Por teléfono me enteré de que alguien de mi familia había caído enfermo. Tomé algunas cosas indispensables y me subí a una camioneta, que francamente, nunca había visto. Conocía que el camino era laberíntico y desconocido para mí. No me importó. Encendí el auto y comencé el viaje.
Pronto despareció el pavimento para dar paso al camino de terracería. Ésta fue devorada por una vegetación espesa verde limón, luminosa. Un viento húmedo se colaba por la ventanilla. Me engañó una sensación de bienaventuranza y seguridad. Me seguí internando en el camino desierto.
Llegué a algunas bifucaciones que se parecían a los cuernos del venado. Tomé siempre las desviaciones que estaban marcadas por flechas. Parecía que si seguía ese camino podía llegar a alguna población. Y así fue.

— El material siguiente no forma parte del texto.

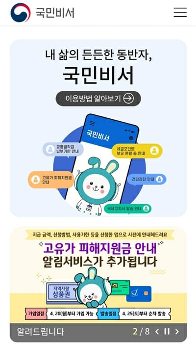 네이버와 카카오는 직접 조회 기능을 제공하지는 않지만, 네이버의 경우 앱 검색창에 국민비서를 입력한 후 알림 신청 페이지에 접속하고, 알림 항목에서 고유가 피해지원금을 선택하면 신청 가능하다.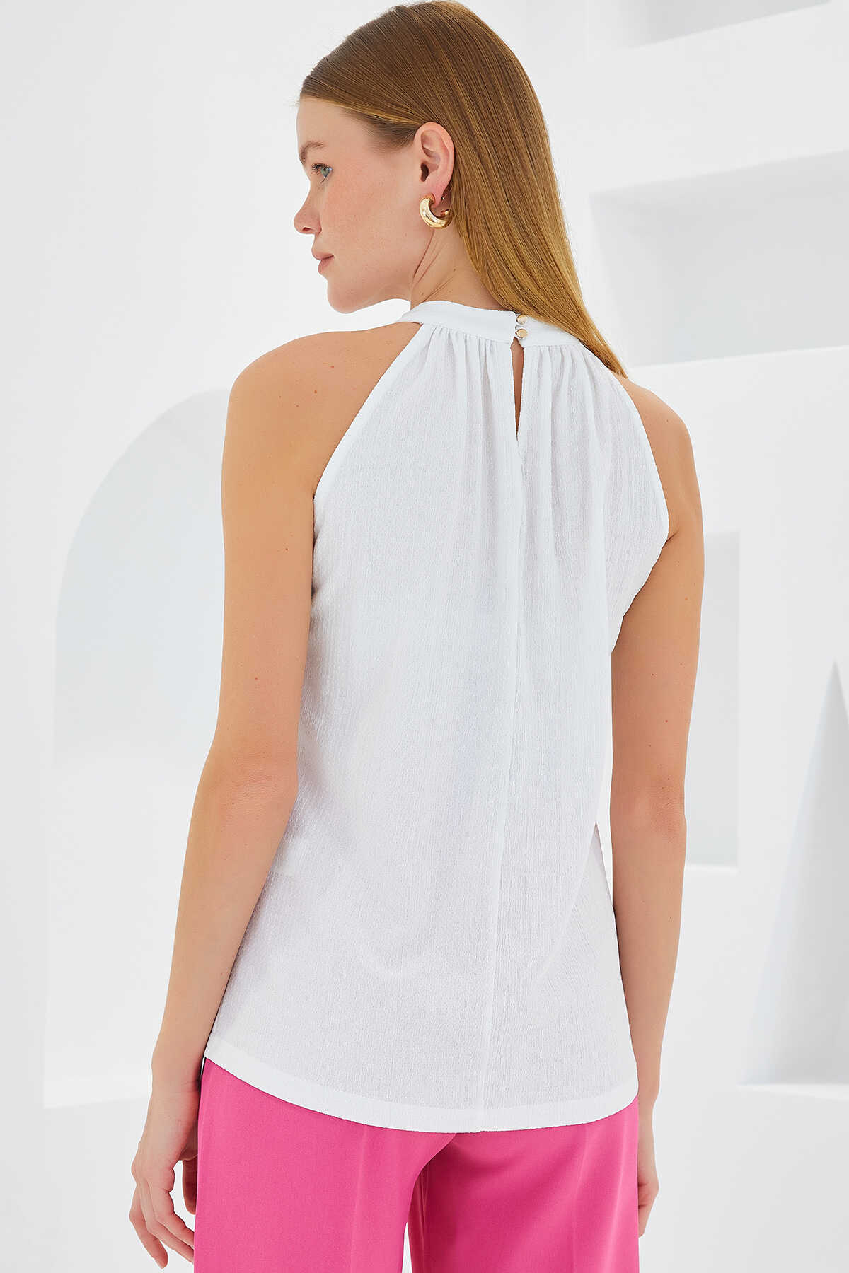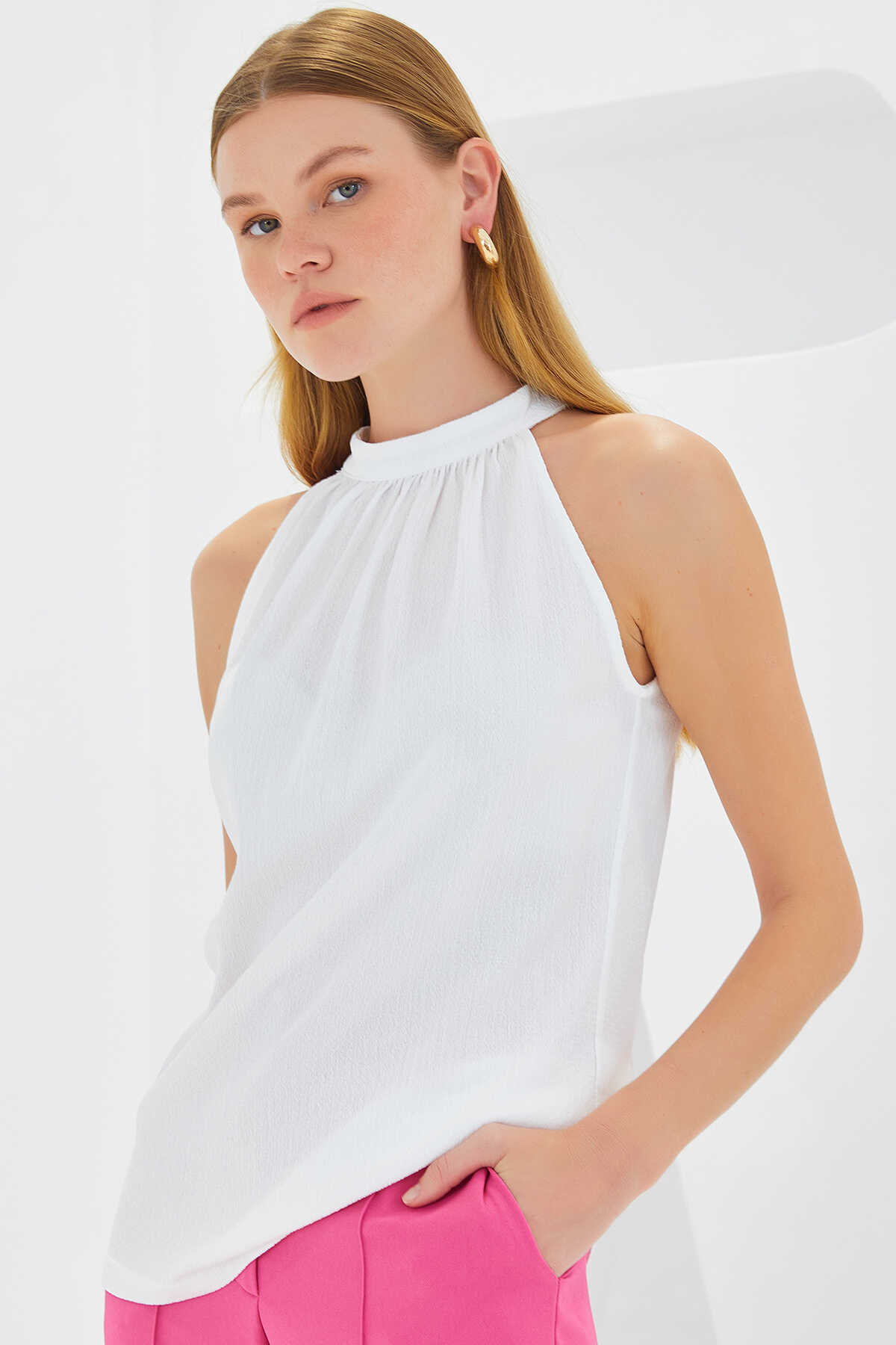 0489 Halter Yaka Örme Bluz - Beyaz - Kombin

Las plantas indefectiblemente mojadas, dejaban que gotas translúcidas cayeran al suelo poblado de hongos. El rojo brillante de la camioneta, su carrocería inexplicablemente impecable y sus toscas llantas cubiertas de lodo, penetraban cada vez más en el santuario alienado. Seguía manejando, confiado de llegar a algún sitio.
Arribé a un pueblecillo en el mismo corazón de la selva de la que ya no me sentía capaz de salir. Justo en su centro me encontré con un lago o río límpido, azul grisáceo. La música del correr del agua me sedujo tranquilizándome, mientras estaba en el hocico del lobo.
El líquido fluía fresco.
Llegué a una callejuela en donde había muchas personas sentadas en la acera, algunas en bancos, y niños jugando en medio del paso de los vehículos. Me detuve y descendí de la camioneta. Saludé y comencé a hablar con un señor panzón que comenzó a orientarme. Le dije que estaba perdido, que necesitaba llegar con urgencia a un lugar.
Una sinfonía de gotas sonó: llovía.
El panzón me dijo que iba a ser imposible que yo me fuera de ahí en camioneta porque se atascaría. Asentí y le pedí que me siguiera diciendo cómo ir a mi destino. Terminó de enseñarme y comencé mi viaje a pie. En la salida del pueblo, como si éste estuviera en un segundo piso, hallé unas escaleras de caracol, hechas de piedra por donde tendría que descender para llegar, una vez más, a la selva.
En el umbral de las escaleras me encontré con una selva todavía más mojada y más salvaje. Un riachuelo corría a mi izquierda y mostraba unas pirañas exageradas. Un grupo de gatos monteces cazaban frente a mí. El lodo que era el camino era tan espeso como el merengue.
Seguir a pie me aseguraba morir en el corazón de la hermosa selva.